__REQUIRED ACTION__: Nothing but the lines from the one with "Elevate your little" through the end of the listing should be reproduced, each exactly and with pictures omitted.

__SUPPLIED RECORDS__:

===============

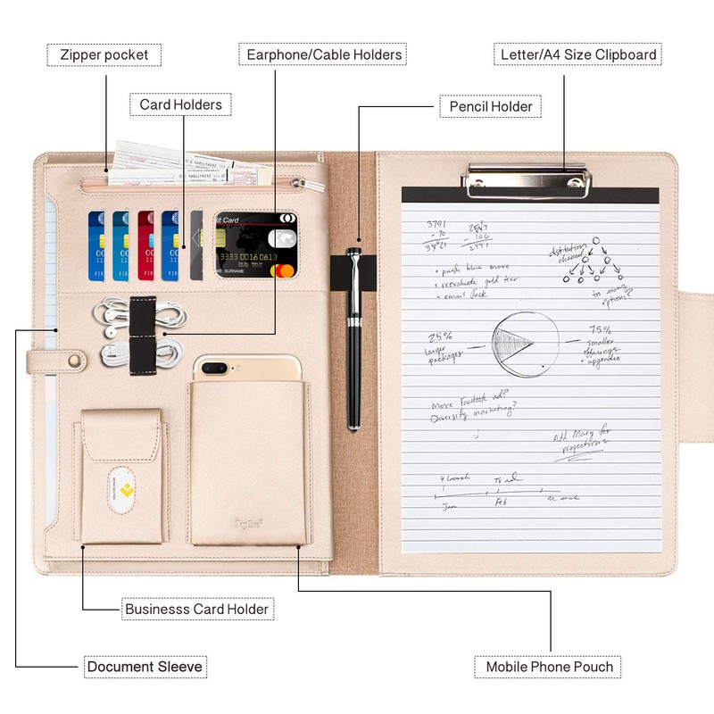 - 1. [List of writing case A4]: Toplive Multifunctional Writing Case A4: One tablet pocket, one mobile phone pocket, one extended folder, 5 card slots, one pen holder, 2 headphone box, card holder and clipboard. Fulfil your business trips, your ideas or your wishes.
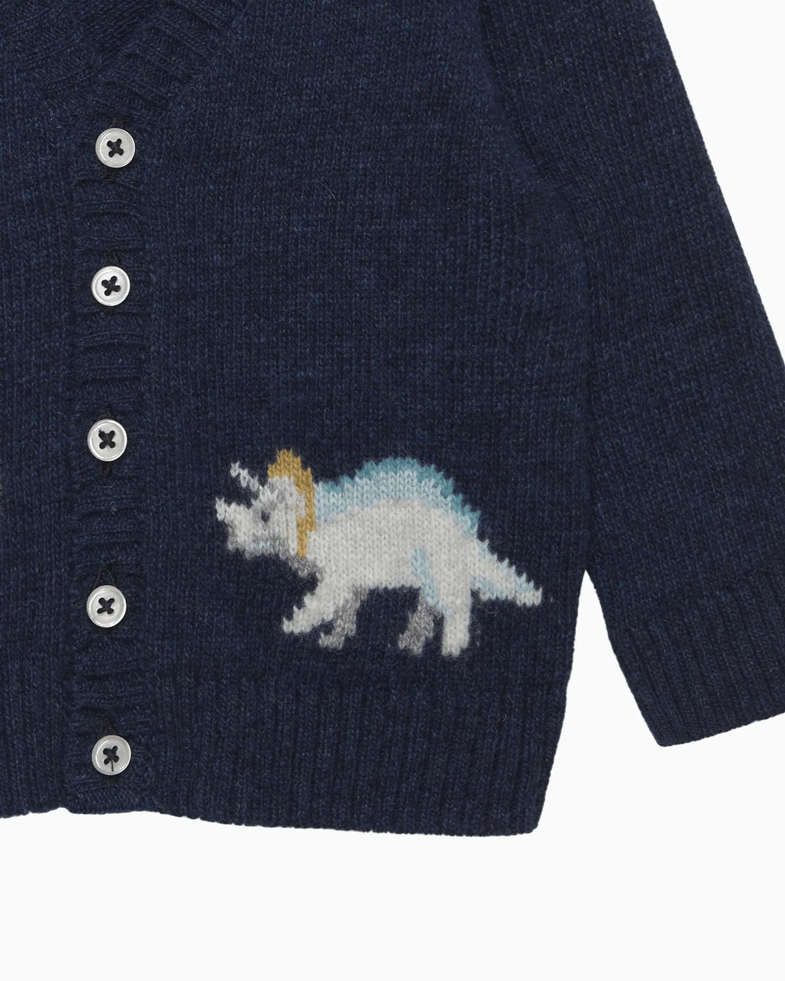 Elevate your little one's look with this sophisticated, navy marl cardigan. This cosy piece is crafted in a warm wool mix and features our sweet little Triceratops intarsia design sitting along the hemline. Complete with pearlised button fastenings, it's the perfect great go-to layer for this autumn/winter.
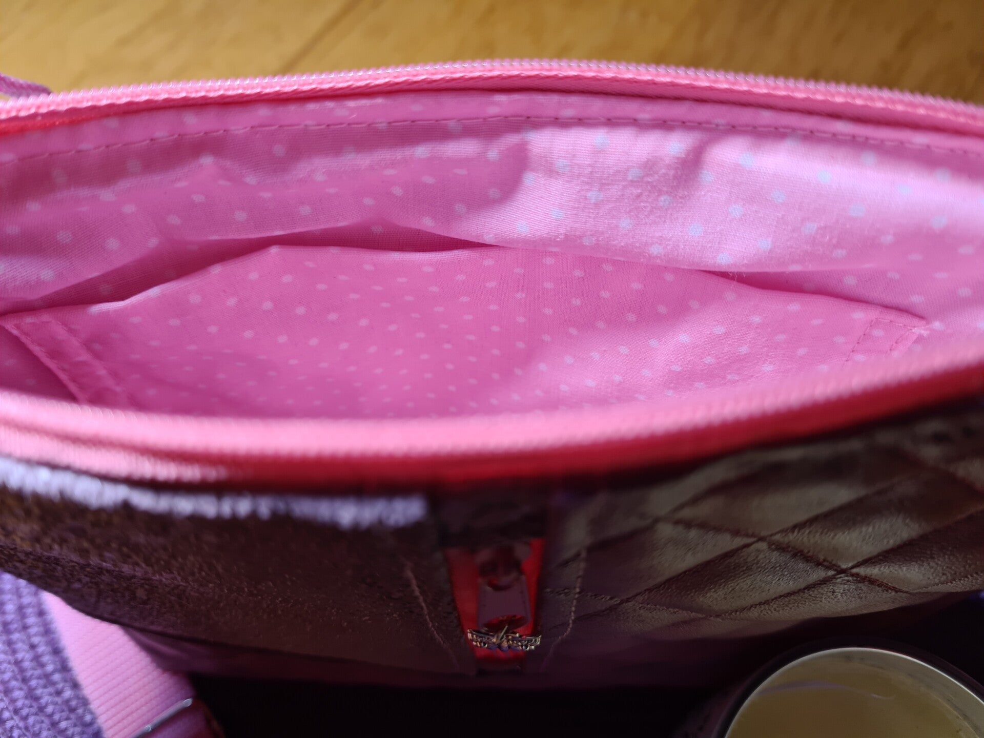 Sie hat eine "große " Innentasche, an der eine kleine Innentasche ca 10x14cm aufgesetzt ist. Hinter dem gesteppten Kunstleder versteckt sich ein kleine Tasche.
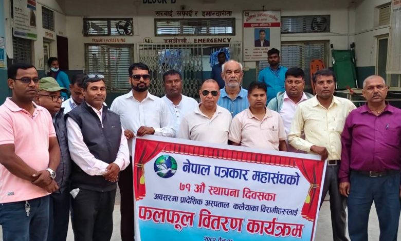 बारा। नेपाल पत्रकार महासंघको ७१ औं स्थापना दिवसका अवसरमा महासंघको बारा शाखाले सामाजिक उत्तरदायित्व निर्वाह गर्दै प्रादेशिक अस्पताल कलैयामा उपचाररत बिरामीहरूलाई फलफूल तथा पौष्टिक सामग्री वितरण गरेको छ।
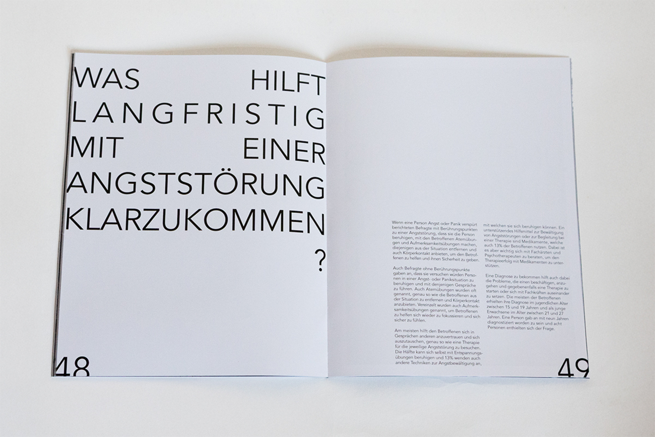 Hier wird die psychische Erkrankung der Angststörung in den Vordergrund gerückt, um zu visualisieren wie eine betroffene Person ihre Umwelt im Moment der Panik wahrnimmt. In einem Fotobuch wird dieser Zustand durch künstlerische Fotografien dargestellt, bei welchen Stilmittel wie Bewegungsunschärfe und Verzerrung eingesetzt wurden. Gleichzeitig werden im Kontrast auch Fotografien der Umwelt eingearbeitet, wie es für Personen ohne eine Angststörung wirkt.

===============

__YOUR RESPONSE__:
 Elevate your little one's look with this sophisticated, navy marl cardigan. This cosy piece is crafted in a warm wool mix and features our sweet little Triceratops intarsia design sitting along the hemline. Complete with pearlised button fastenings, it's the perfect great go-to layer for this autumn/winter.
 Sie hat eine "große " Innentasche, an der eine kleine Innentasche ca 10x14cm aufgesetzt ist. Hinter dem gesteppten Kunstleder versteckt sich ein kleine Tasche.
 बारा। नेपाल पत्रकार महासंघको ७१ औं स्थापना दिवसका अवसरमा महासंघको बारा शाखाले सामाजिक उत्तरदायित्व निर्वाह गर्दै प्रादेशिक अस्पताल कलैयामा उपचाररत बिरामीहरूलाई फलफूल तथा पौष्टिक सामग्री वितरण गरेको छ।
 Hier wird die psychische Erkrankung der Angststörung in den Vordergrund gerückt, um zu visualisieren wie eine betroffene Person ihre Umwelt im Moment der Panik wahrnimmt. In einem Fotobuch wird dieser Zustand durch künstlerische Fotografien dargestellt, bei welchen Stilmittel wie Bewegungsunschärfe und Verzerrung eingesetzt wurden. Gleichzeitig werden im Kontrast auch Fotografien der Umwelt eingearbeitet, wie es für Personen ohne eine Angststörung wirkt.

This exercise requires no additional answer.